Event Date: 9/17/2019
Dr. Jeff Puschell, GLIMR Instrument Scientist, Raytheon Space and Airborne Systems
Time: 12 pm - 1 pm
Date: September 17, 2019
Steinman Hall - Room T105
The City College of New York
ABSTRACT
The Geostationary Littoral Imaging and Monitoring Radiometer (GLIMR) mission selected by NASA for Earth Venture Instrument 5 (EVI-5) will answer fundamental science questions on how physical processes varying on timescales from hours to days impact rates and fluxes of materials within and between aquatic coastal ecosystems and how these rates and fluxes affect formation, magnitude and trajectory of HABs that impact ecosystem and human health.
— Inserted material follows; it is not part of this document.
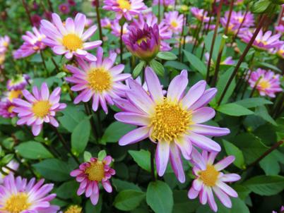 さて、ダリアの花弁数は、咲き始めの初夏と開花後期の晩秋で大きく変化するものも少なくありません。徐々に花弁数が減って行きます。開花が進むことによる花径の小型化によるものもありますが、日照時間が短くなり気温の低下が進む晩秋になると、花弁数が極端に減少し花弁と花弁の隙間が広がって行きます。また、咲き始めから開花までの時間も早まります。

GLIMR, led by PI Joe Salisbury at the University of New Hampshire, includes the world’s first hyperspectral imager in geostationary orbit (GEO), to be developed by Raytheon. GLIMR’s instrument design was carefully optimized to provide radiometric and spatial and spectral sampling performance required to advance coastal water science using mature (TRL 6+) technology. GLIMR’s concept of operation supports well characterized, high SNR hyperspectroradiometry of multiple coastal water sites across the full Earth disk with repeat coverage that achieves GLIMR science objectives. This talk describes performance and design for the GLIMR instrument.